Diet, Nutrition, and Pregnancy
What's meal time like for you? Do you carefully plan out your meals, cooking with fresh ingredients, making sure that all the food groups make their way to your table? Or are you like many modern women, eating on the run sometimes just minutes before falling into bed after an eighteen hour day? Do you skip breakfast or lunch because you "just don't have time?" Do you load up on prepared foods? Do you know where all the drive-throughs are for miles? Does the Chinese food delivery man know your pets' names?
Remember breakfasts that you actually sat down to eat? Lunches that didn't involve Styrofoam packaging? What about home-cooked dinners at six every night? Old fashioned? These things may not be part of your life, but they should be. Humans are meant to eat fresh fruits, vegetables, and lean meats. That's what keeps us at optimal health. Are you at your optimal health? You certainly want your baby to be, and while she's inside you, your health is her health.
Good nutrition is vital to your health, pregnant or not. But when you're pregnant, even more so.
What you choose to put into your mouth affects two people now, not just one, so pay careful attention to your choices. Your already formed body may crave French fries morning, noon, and night, but it's not what your son or daughter's growing brain, lungs, heart should be nourished on. You know you're going to be cautious about what baby eats when you're spooning the food into his mouth, think about that as you spoon it into your own, because even though you're doing the chewing, you're both metabolizing the food.
Hopefully, you already eat a really healthy (or at least a relatively healthy) diet. If that's the case, consider this affirmation of your healthy decision. Use this chapter to boost your nutrition know-how. Make sure that you're getting enough of the good things you're eating everyday. In addition to your own store house of wonderful recipes, I've included a few which are quite tasty and good for you both. Share them with Dad-to-be, since you both want him healthy, too.
If you could use a little work in the dietary portion of your life, you're in luck. The information in this chapter could be just what you need to get you on track nutrition wise.
While you may feel motivated by love for your baby, you will soon see that making the lifestyle changes to eat well may take a few minutes a day more than you're used to, but fresh food is delicious, and your healthy body will be a great reward.
Once you make the decision to eat healthfully, you will wonder what you once found so appealing about fast food restaurants and the partially or fully prepared foods you used to buy for meals to "cook" yourself. Fresh does not have to mean complicated to prepare. It simply means fresh, as in not packaged and loaded with preservatives. As in you may need to go to the market a little more often, but you'll end up glad you did. Fresh food prepared intelligently is the right choice for mom and baby. Take a careful look at the lists of foods which should be a part of your diet. Experiment with the recipes included in the chapter. Everything listed is healthy and easy. No gourmet cooking skills required.
Eating for two
You are eating for one full grown woman and one small baby. Eating for two is about eating foods which will nourish you both through a healthy pregnancy and delivery, resulting in a healthy baby and a healthy mother. Not a healthy baby and an overweight mother. Not a sickly baby and a somewhat physically okay mother. Not an underweight baby and an underweight mother.
Some women hear the phrase "eating for two" and interpret it in unhealthy ways. Either they are so afraid of gaining too much weight, so fearful of looking as though they ate for two grown women, that they are too "careful" about their meals or they use it as an excuse to overindulge, which is not healthy for mother or child.
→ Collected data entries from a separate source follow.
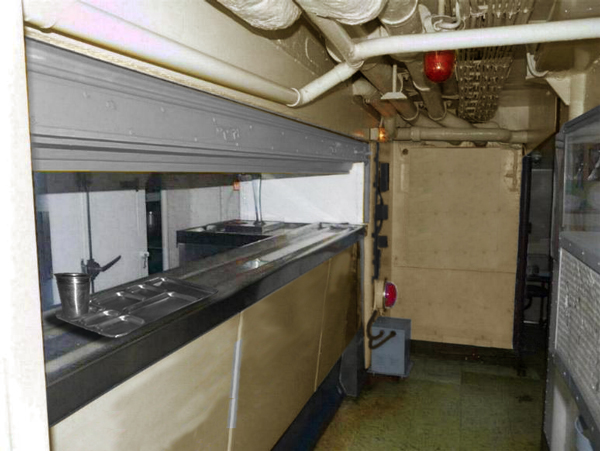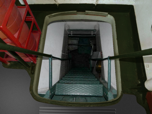 Retour dans la coursive, il y fait presque froid, et comparé au bruit d’en bas, ça frise le silence monacal. On avance toujours vers l’arrière, passage de plusieurs portes étanches restées ouvertes (Fermées au poste de combat) on descend vers le poste 4 qu’il me tarde de rejoindre pour y retrouver ma bannette. On n’y entre pas, on descend encore pour y faire d’autres relevés dans le local calcul du Malafon.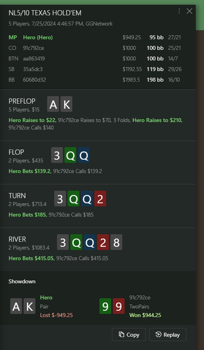 Блин, я б каждую раздачу иначе сыграл, но в твоих размышлениях тоже логику понять могу. Замечательная всё-таки игра, этот наш покер. :D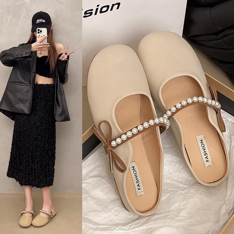 Single Shoes Soft Sole Head Night Bow Bag 2025 New Evening Wind Half Slippers Women's Summer Wear Flat Bottom Cool Slippers Half Tray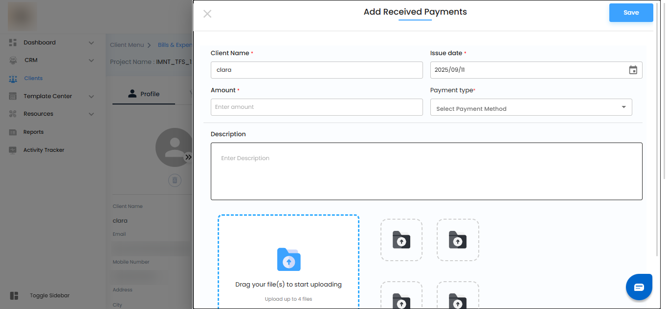 - Save: Click this button to submit the payment information you’ve entered and record the received payment in the system.

Women who get caught up in calorie count rather than in good nutrition are just as much in danger of harming their babies and themselves as women who overeat and gain too much weight during pregnancy. Some moms-to-be feel that if they keep their weight under the average pregnancy weight gain for their body types that they've "beat" pregnancy somehow.
Yes, women who gain forty or fifty pounds during pregnancy put themselves and their babies at risk, but so do women who only gain fifteen pounds. Just as the mother who eats French fries three times a day is not doing her family any favors, neither is the mother who eats only the healthiest foods in the world, but too little at each sitting to avoid weight gain. Both are practicing malnutrition. It sounds harsh, but it's true.
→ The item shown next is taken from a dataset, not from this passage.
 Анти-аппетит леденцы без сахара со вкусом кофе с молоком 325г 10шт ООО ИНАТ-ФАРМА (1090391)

Increased food intake and weight gain are part of pregnancy. But, their part should be based on moderation.
Three meals a day are not enough; you need three healthy snacks in order to keep yourself in tip-top shape.
Eating six times a day (smaller meals spread out over the course of your day) helps with morning sickness, fatigue, and many other things which accompany pregnancy.
You'll still be eating breakfast, lunch and dinner. You'll also be eating a mid-morning snack, an afternoon snack, and an evening snack. Think of all the opportunities you'll have to incorporate the food groups into your day.